SEPTEMBER 20 2012
Upton Sinclair, a poor young socialist determined to do his part to make a better world, wrote his incredible book titled "The Jungle" in the tarpaper shack in Princeton that was his home. Page after page in the book is filled with the nauseating details of how the meatpacking industry was preparing America's food.
When the book came out Sept. 20, 1906 it became an instant best seller.
The nation was shocked as it learned about the conditions in the Chicago stockyards.
Sinclair told how dead rats were shoveled into sausage-grinding machines; how bribed inspectors on the payroll of the companies looked the other way when diseased cows were slaughtered for beef, and how filth and guts were swept off the floor and packaged as potted ham.

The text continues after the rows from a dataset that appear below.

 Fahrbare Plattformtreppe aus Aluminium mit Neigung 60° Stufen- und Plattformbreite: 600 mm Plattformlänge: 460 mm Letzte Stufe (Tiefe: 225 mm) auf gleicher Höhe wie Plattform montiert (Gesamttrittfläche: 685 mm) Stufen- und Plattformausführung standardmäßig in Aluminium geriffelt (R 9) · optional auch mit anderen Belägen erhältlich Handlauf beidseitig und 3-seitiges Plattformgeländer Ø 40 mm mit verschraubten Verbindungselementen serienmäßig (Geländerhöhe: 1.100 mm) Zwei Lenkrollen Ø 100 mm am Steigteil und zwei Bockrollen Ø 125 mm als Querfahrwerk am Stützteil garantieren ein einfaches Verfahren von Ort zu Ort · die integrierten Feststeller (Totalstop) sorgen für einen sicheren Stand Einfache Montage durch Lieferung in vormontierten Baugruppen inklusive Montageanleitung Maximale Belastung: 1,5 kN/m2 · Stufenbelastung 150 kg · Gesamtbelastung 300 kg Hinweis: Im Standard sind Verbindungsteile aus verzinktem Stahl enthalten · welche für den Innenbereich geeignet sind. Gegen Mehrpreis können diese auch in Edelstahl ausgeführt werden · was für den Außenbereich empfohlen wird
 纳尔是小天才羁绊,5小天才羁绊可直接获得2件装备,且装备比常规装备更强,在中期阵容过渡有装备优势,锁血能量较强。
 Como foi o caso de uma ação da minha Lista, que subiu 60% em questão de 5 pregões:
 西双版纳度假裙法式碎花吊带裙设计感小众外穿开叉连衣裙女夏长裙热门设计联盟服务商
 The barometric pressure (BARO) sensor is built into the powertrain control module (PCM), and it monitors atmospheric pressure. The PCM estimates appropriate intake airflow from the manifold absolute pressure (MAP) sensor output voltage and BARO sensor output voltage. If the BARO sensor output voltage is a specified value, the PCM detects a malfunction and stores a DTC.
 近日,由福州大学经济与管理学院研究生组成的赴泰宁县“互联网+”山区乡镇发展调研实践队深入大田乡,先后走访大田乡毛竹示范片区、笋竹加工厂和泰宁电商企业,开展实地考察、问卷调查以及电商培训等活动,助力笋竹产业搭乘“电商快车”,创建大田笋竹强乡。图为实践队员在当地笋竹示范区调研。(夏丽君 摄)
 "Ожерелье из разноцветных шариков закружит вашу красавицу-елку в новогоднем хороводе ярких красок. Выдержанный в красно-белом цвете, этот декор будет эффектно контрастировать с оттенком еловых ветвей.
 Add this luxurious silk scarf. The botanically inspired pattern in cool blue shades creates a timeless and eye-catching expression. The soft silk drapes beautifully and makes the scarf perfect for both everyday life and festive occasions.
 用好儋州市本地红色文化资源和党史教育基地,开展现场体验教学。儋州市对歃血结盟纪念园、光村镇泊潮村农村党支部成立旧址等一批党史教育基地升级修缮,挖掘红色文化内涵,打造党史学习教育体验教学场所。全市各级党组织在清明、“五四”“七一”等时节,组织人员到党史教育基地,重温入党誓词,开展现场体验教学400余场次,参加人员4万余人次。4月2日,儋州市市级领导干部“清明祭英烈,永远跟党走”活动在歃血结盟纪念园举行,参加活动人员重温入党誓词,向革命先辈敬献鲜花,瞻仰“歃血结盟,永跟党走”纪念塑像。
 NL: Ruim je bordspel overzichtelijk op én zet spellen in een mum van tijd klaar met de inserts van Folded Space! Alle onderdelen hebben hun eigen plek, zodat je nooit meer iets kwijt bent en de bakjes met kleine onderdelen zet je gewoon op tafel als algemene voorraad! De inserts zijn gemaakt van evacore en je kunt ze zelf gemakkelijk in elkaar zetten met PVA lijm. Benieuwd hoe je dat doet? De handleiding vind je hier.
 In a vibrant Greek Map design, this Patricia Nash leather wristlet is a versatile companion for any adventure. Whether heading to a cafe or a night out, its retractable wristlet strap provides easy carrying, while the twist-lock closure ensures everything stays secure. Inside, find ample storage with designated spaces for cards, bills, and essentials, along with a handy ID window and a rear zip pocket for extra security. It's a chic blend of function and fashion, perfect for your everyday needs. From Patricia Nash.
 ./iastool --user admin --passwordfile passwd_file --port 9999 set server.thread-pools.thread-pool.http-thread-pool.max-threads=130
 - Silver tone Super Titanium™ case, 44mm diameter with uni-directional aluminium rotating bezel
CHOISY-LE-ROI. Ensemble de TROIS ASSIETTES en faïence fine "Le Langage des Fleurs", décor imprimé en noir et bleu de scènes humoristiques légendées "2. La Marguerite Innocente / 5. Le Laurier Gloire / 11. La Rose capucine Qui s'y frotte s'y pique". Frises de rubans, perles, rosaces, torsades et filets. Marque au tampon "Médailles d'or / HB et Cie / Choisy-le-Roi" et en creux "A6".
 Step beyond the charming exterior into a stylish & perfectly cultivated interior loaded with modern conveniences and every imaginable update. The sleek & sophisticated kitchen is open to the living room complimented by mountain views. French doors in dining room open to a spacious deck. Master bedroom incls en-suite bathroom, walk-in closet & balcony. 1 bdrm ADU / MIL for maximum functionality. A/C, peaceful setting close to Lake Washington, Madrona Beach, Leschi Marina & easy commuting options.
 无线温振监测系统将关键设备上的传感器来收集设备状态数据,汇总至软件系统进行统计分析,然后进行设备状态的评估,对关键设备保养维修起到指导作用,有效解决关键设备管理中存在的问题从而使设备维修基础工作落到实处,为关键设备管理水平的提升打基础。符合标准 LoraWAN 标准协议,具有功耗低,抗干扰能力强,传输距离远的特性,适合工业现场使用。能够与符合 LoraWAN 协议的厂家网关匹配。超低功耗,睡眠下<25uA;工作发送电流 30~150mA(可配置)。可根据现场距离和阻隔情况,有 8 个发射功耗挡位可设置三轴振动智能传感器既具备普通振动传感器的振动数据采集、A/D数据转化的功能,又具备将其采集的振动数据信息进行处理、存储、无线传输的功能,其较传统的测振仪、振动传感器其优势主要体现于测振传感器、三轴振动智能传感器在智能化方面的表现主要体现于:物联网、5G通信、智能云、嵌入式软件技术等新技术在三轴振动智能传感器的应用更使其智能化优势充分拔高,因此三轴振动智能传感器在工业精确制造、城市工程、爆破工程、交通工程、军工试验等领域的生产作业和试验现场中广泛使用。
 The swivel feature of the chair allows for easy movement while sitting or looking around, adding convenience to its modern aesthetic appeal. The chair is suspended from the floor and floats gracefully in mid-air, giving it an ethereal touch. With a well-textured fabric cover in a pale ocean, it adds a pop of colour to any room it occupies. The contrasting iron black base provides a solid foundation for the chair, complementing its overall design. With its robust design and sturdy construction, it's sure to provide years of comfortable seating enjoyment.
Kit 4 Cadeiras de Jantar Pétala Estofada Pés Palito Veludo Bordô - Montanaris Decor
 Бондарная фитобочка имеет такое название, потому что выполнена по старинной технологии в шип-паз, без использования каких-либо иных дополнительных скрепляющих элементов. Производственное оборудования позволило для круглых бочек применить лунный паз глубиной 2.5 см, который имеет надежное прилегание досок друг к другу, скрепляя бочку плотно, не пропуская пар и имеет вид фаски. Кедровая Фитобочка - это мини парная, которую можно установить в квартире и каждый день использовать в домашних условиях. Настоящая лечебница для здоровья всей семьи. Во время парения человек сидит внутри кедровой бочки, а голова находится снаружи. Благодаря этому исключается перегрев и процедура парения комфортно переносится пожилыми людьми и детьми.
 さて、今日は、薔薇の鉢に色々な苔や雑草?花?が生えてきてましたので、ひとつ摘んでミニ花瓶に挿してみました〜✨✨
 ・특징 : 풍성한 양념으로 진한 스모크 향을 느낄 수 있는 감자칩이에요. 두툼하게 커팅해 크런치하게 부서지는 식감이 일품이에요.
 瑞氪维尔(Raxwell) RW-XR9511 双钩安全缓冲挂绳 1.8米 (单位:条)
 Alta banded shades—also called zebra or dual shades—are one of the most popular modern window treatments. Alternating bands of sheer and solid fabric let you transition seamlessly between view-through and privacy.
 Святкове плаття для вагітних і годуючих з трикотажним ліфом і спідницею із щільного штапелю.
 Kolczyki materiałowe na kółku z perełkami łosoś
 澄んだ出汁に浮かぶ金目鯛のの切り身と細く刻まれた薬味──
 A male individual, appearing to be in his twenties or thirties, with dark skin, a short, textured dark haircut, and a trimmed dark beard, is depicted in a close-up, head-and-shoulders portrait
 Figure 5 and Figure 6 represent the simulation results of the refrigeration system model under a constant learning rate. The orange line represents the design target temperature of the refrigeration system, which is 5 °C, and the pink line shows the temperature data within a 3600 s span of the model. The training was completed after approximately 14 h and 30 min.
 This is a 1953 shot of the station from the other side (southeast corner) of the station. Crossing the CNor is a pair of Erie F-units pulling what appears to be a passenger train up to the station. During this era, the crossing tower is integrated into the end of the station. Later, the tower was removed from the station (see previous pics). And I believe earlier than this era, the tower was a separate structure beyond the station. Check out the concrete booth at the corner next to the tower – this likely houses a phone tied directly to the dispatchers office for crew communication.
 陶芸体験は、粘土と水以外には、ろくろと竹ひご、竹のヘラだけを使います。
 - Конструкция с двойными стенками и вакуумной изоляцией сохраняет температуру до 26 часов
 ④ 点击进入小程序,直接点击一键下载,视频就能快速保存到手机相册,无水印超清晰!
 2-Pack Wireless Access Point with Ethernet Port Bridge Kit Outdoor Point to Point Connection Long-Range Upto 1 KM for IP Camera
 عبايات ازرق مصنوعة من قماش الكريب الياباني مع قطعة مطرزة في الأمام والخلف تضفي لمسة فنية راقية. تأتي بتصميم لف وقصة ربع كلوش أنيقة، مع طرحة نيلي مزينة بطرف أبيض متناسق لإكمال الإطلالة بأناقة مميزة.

Within months a gagging, but aroused population demanded sweeping reforms in the meat industry.
President Theodore Roosevelt, who became physically ill after reading an advance copy, demanded that Congress establish the Food and Drug Administration and , for the first time, set up federal inspection standards for meat.
At the age of 28 Sinclair was viewed as the man who took on a mighty industry and won.
Sinclair spent months in the Chicago stockyars, mingling with the immigrant workers he described as "wage slaves."
Over their kitchen tables in their tenement apartments he heard them tell about the backbreaking, mind-numbing work they did for totally inadequate wages. He said he worked on The Jungle for three months, "pouring into the pages all the pain" he had experienced.
Since the book's publication federal regulation of the food industry has been considered part and parcel of the things that are good about America. Not until the tea bagger Republicans of today came on the scene has that ever been challenged.